Material to process:

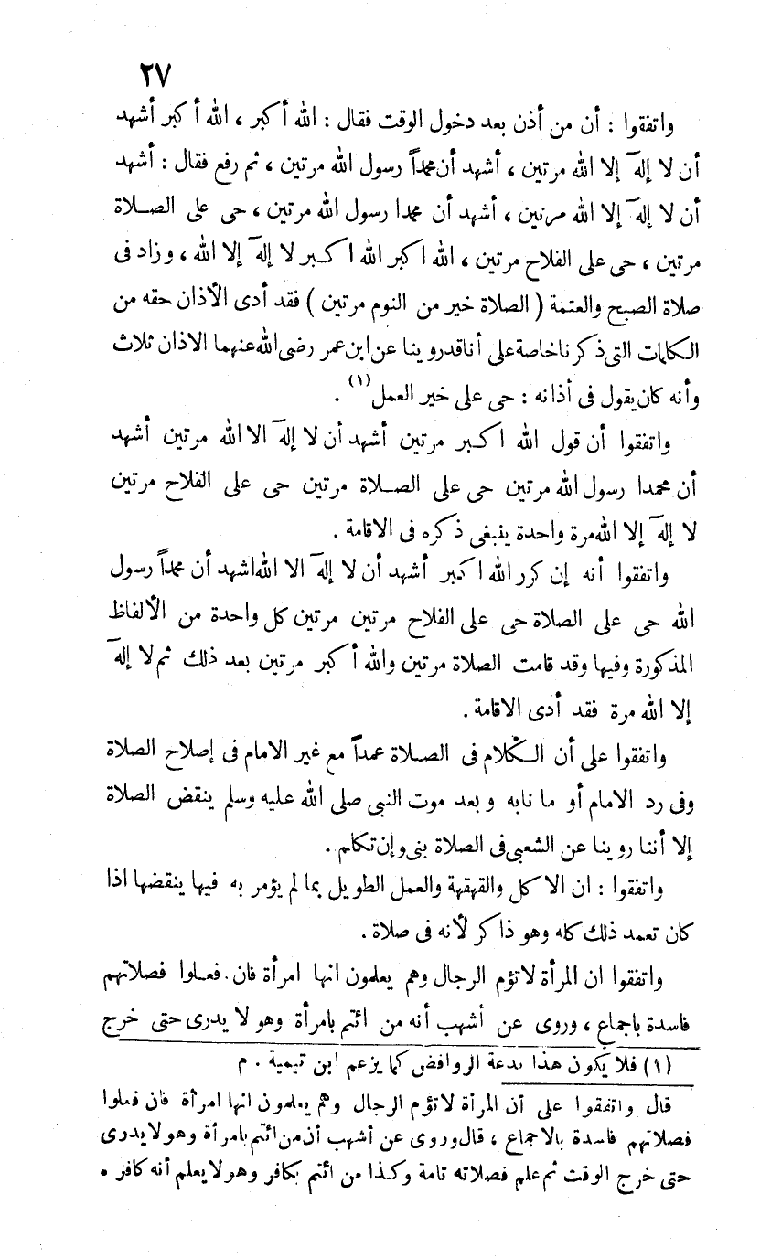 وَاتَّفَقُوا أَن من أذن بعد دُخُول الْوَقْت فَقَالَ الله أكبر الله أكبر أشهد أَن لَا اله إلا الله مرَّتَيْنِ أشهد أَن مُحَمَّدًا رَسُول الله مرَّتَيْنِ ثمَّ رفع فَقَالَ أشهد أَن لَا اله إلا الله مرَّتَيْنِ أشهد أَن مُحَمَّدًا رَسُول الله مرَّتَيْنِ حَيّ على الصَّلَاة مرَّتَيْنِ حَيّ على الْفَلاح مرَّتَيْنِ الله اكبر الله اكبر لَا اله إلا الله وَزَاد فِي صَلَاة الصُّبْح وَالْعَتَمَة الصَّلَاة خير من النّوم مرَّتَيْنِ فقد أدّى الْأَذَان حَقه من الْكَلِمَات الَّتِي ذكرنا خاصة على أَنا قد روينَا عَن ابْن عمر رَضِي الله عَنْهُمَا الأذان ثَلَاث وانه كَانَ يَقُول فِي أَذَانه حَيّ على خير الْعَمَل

==

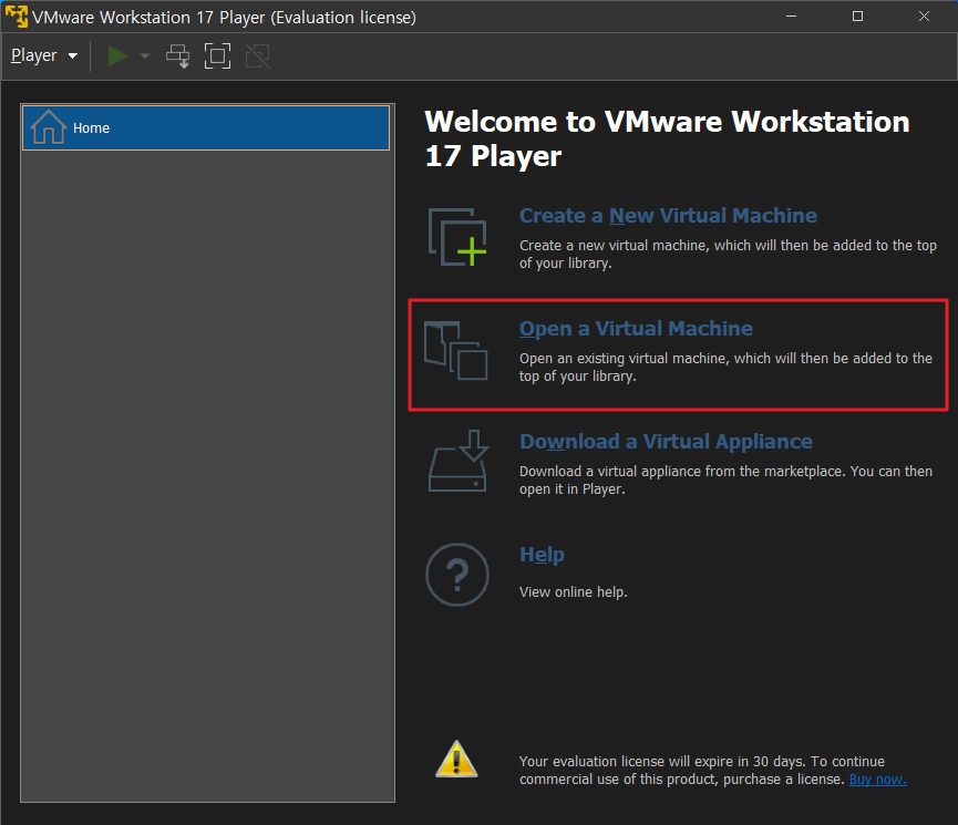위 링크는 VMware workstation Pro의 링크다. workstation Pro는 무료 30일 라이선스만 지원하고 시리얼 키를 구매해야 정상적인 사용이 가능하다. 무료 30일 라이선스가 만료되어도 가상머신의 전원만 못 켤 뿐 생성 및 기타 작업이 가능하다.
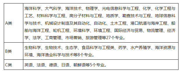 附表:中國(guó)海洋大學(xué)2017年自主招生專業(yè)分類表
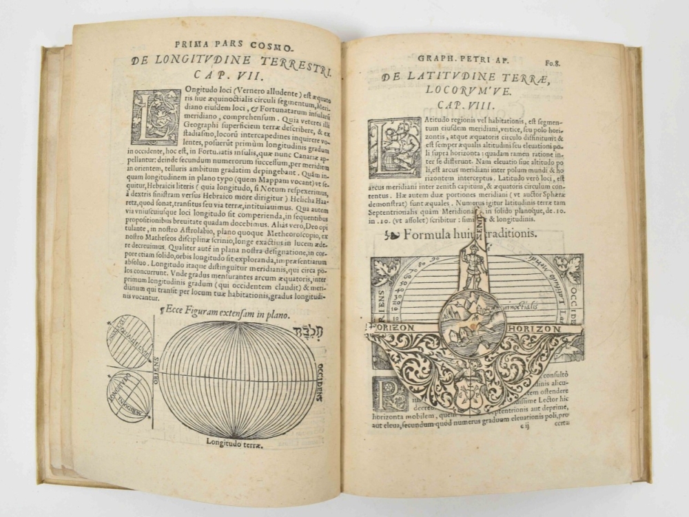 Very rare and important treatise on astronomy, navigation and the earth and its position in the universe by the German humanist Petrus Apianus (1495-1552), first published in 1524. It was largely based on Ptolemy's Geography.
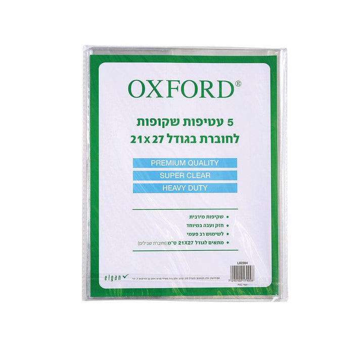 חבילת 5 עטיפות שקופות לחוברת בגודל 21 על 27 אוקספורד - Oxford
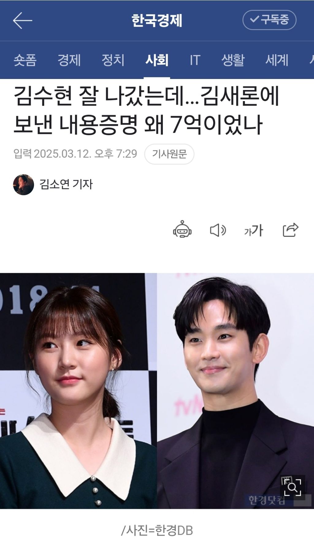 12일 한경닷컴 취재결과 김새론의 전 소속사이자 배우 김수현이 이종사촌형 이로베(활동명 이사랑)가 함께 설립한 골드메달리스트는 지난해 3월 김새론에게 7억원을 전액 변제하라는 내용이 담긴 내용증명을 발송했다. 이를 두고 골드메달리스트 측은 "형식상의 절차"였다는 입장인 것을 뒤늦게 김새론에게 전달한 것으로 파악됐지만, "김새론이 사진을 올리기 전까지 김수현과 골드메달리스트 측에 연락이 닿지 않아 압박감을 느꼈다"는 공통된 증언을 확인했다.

Work item: Above are some entries. Restate word for word the lines from the one holding "附表:中國(guó)海洋大學(xué)2017年自主招生專業(yè)分類表" through the one holding "חבילת 5 עטיפות", but not the pictures.

Solution:
 附表:中國(guó)海洋大學(xué)2017年自主招生專業(yè)分類表
 Very rare and important treatise on astronomy, navigation and the earth and its position in the universe by the German humanist Petrus Apianus (1495-1552), first published in 1524. It was largely based on Ptolemy's Geography.
 חבילת 5 עטיפות שקופות לחוברת בגודל 21 על 27 אוקספורד - Oxford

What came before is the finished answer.